[Data excerpts]

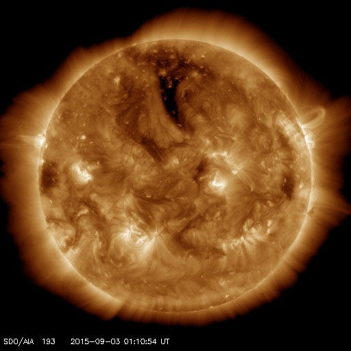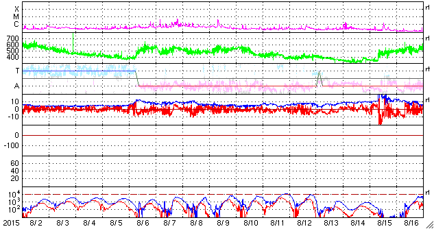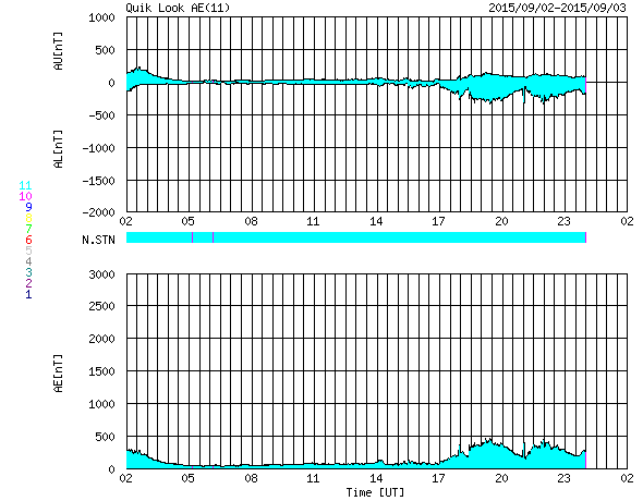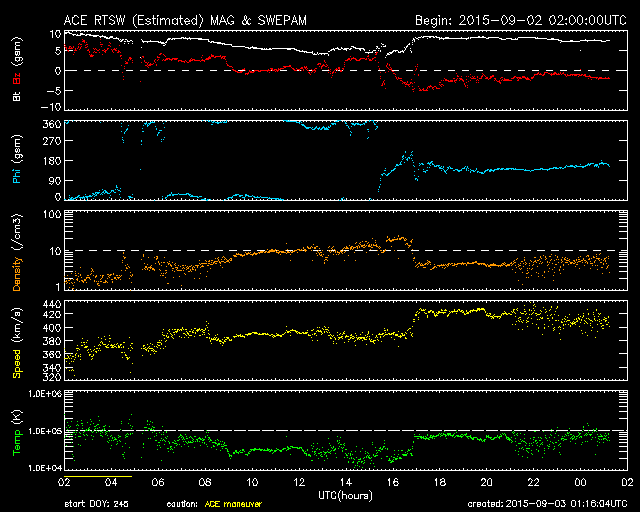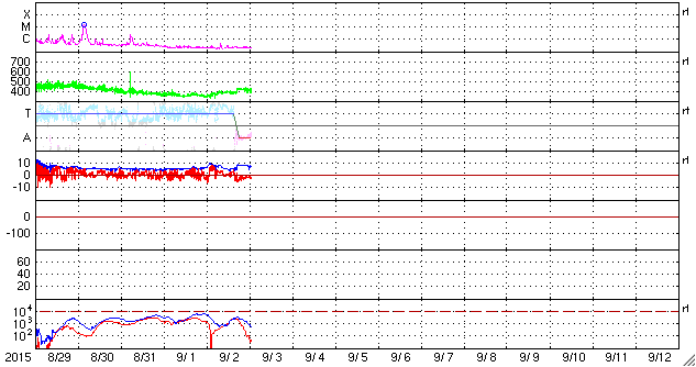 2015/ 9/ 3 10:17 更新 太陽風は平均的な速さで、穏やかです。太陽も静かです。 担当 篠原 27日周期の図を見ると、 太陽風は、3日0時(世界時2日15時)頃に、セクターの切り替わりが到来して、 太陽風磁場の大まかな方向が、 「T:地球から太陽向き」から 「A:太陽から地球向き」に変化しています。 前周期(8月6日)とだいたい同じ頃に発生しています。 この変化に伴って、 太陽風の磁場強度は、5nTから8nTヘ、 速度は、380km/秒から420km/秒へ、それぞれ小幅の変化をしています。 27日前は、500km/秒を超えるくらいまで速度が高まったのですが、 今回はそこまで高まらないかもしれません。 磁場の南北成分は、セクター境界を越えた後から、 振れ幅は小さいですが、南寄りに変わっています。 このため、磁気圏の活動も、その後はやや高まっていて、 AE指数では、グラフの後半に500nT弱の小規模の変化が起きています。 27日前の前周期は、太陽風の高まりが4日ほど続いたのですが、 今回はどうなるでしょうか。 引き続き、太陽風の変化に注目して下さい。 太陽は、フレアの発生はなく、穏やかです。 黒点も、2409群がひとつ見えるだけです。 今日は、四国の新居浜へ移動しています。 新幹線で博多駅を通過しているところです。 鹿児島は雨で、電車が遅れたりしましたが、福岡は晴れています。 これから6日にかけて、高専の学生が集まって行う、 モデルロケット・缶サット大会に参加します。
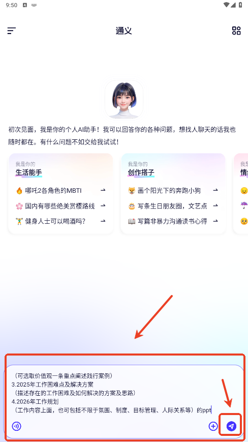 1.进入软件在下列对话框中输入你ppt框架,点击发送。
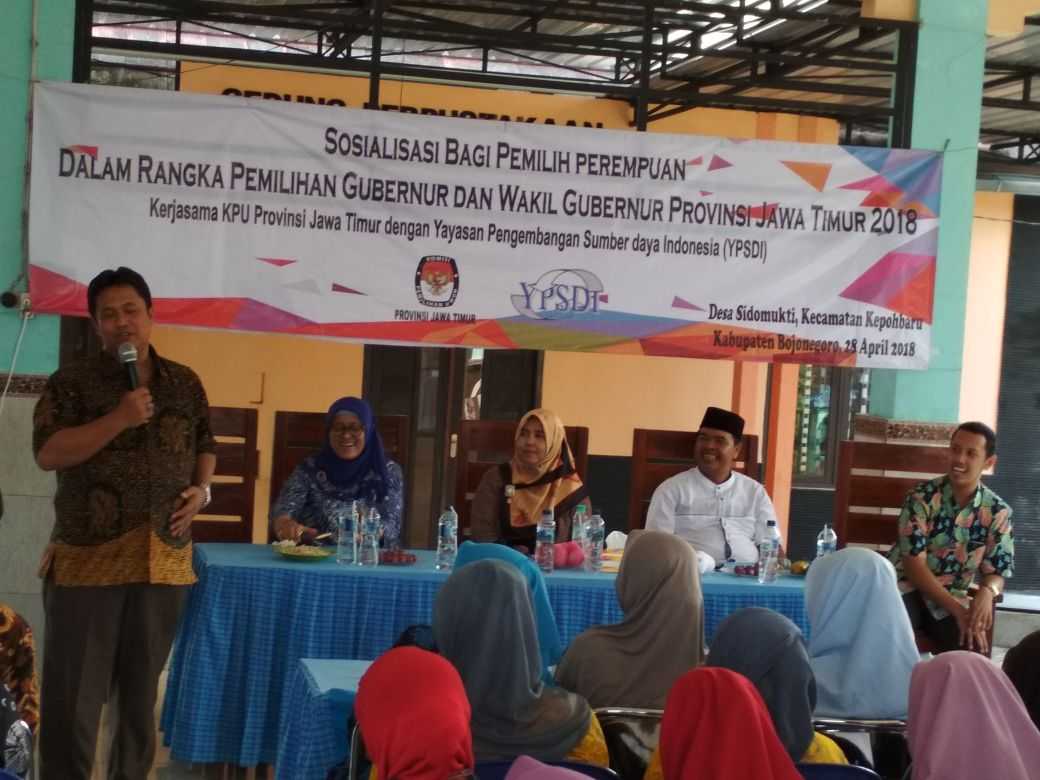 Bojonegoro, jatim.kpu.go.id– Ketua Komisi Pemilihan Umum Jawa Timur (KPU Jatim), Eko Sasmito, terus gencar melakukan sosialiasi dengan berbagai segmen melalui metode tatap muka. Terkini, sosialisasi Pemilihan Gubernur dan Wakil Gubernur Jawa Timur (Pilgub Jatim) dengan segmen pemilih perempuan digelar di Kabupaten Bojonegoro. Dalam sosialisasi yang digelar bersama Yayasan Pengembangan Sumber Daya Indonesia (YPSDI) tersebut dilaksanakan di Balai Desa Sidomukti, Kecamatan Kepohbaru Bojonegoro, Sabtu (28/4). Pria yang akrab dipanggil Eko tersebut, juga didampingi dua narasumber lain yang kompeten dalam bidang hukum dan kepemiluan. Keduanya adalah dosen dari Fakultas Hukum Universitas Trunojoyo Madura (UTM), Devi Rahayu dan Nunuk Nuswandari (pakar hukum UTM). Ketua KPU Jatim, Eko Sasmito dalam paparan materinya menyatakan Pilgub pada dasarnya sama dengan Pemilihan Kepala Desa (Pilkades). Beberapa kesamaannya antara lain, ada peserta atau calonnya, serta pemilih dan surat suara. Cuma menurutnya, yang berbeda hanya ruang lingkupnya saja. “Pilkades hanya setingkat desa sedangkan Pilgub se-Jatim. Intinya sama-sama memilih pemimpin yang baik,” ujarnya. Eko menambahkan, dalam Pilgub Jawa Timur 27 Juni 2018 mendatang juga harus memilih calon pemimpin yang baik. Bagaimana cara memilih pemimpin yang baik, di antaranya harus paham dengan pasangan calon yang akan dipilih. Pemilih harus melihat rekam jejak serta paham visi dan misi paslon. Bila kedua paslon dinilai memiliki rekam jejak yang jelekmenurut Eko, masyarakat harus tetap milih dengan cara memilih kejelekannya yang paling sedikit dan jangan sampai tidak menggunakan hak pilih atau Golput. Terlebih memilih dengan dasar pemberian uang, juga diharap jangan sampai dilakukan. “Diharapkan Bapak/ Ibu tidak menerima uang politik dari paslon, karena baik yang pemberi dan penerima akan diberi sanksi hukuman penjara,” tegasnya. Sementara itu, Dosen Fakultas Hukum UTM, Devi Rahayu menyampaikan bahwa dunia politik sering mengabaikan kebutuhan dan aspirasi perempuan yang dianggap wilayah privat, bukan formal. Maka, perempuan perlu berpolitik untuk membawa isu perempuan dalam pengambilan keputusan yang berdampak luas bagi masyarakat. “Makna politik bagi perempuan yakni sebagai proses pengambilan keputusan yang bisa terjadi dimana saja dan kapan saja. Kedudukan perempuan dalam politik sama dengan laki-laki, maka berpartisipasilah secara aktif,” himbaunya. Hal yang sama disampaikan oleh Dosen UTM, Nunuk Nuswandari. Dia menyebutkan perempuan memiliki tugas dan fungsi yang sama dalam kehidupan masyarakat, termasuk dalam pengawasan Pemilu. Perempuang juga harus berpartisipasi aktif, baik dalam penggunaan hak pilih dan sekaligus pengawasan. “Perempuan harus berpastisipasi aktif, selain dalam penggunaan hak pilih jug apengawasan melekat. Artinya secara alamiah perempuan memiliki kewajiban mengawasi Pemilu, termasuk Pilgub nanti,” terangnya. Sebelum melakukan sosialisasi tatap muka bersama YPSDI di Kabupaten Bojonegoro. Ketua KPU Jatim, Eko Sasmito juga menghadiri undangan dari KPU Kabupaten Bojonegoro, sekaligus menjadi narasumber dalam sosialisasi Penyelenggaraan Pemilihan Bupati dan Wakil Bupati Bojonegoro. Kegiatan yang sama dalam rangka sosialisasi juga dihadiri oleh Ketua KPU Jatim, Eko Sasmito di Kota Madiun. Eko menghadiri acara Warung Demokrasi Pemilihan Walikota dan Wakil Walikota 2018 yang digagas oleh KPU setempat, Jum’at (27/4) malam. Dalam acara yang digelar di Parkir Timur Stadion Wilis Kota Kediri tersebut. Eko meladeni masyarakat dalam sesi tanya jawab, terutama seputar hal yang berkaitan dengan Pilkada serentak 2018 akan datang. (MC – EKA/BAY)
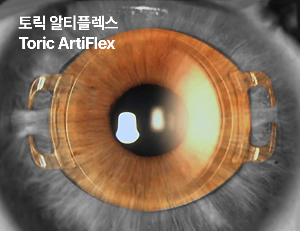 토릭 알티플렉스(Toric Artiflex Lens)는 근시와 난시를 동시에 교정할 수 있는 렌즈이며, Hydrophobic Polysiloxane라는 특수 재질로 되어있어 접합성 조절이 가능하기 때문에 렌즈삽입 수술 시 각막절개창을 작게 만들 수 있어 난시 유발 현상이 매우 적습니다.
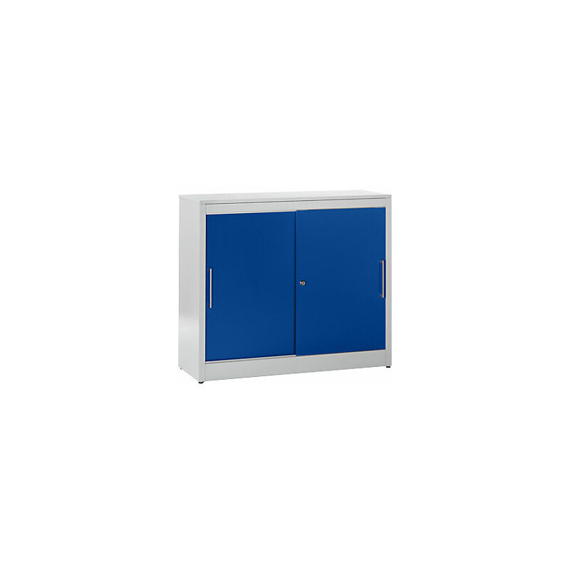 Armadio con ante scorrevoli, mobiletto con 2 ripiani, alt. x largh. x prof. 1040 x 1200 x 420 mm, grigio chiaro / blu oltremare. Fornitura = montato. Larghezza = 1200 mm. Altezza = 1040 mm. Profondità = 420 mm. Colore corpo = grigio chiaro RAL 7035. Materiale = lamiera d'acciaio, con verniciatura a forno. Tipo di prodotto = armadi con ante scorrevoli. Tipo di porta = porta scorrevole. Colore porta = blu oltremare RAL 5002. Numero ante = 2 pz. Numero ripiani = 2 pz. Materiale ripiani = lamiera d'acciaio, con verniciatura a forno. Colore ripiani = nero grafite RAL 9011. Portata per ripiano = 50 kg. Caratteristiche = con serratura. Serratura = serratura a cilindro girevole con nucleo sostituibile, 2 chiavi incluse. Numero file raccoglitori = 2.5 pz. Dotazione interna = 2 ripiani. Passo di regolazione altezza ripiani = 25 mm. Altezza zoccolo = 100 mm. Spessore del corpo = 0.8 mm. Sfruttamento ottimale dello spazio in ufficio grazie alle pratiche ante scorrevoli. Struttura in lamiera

_Instructions to follow:_ Return nothing but the lines running from the start of the data to the line with "1.进入软件在下列对话框中输入你ppt框架,点击发送。", please, both ends included and no pictures.

_Solution below:_
 2015/ 9/ 3 10:17 更新 太陽風は平均的な速さで、穏やかです。太陽も静かです。 担当 篠原 27日周期の図を見ると、 太陽風は、3日0時(世界時2日15時)頃に、セクターの切り替わりが到来して、 太陽風磁場の大まかな方向が、 「T:地球から太陽向き」から 「A:太陽から地球向き」に変化しています。 前周期(8月6日)とだいたい同じ頃に発生しています。 この変化に伴って、 太陽風の磁場強度は、5nTから8nTヘ、 速度は、380km/秒から420km/秒へ、それぞれ小幅の変化をしています。 27日前は、500km/秒を超えるくらいまで速度が高まったのですが、 今回はそこまで高まらないかもしれません。 磁場の南北成分は、セクター境界を越えた後から、 振れ幅は小さいですが、南寄りに変わっています。 このため、磁気圏の活動も、その後はやや高まっていて、 AE指数では、グラフの後半に500nT弱の小規模の変化が起きています。 27日前の前周期は、太陽風の高まりが4日ほど続いたのですが、 今回はどうなるでしょうか。 引き続き、太陽風の変化に注目して下さい。 太陽は、フレアの発生はなく、穏やかです。 黒点も、2409群がひとつ見えるだけです。 今日は、四国の新居浜へ移動しています。 新幹線で博多駅を通過しているところです。 鹿児島は雨で、電車が遅れたりしましたが、福岡は晴れています。 これから6日にかけて、高専の学生が集まって行う、 モデルロケット・缶サット大会に参加します。
 1.进入软件在下列对话框中输入你ppt框架,点击发送。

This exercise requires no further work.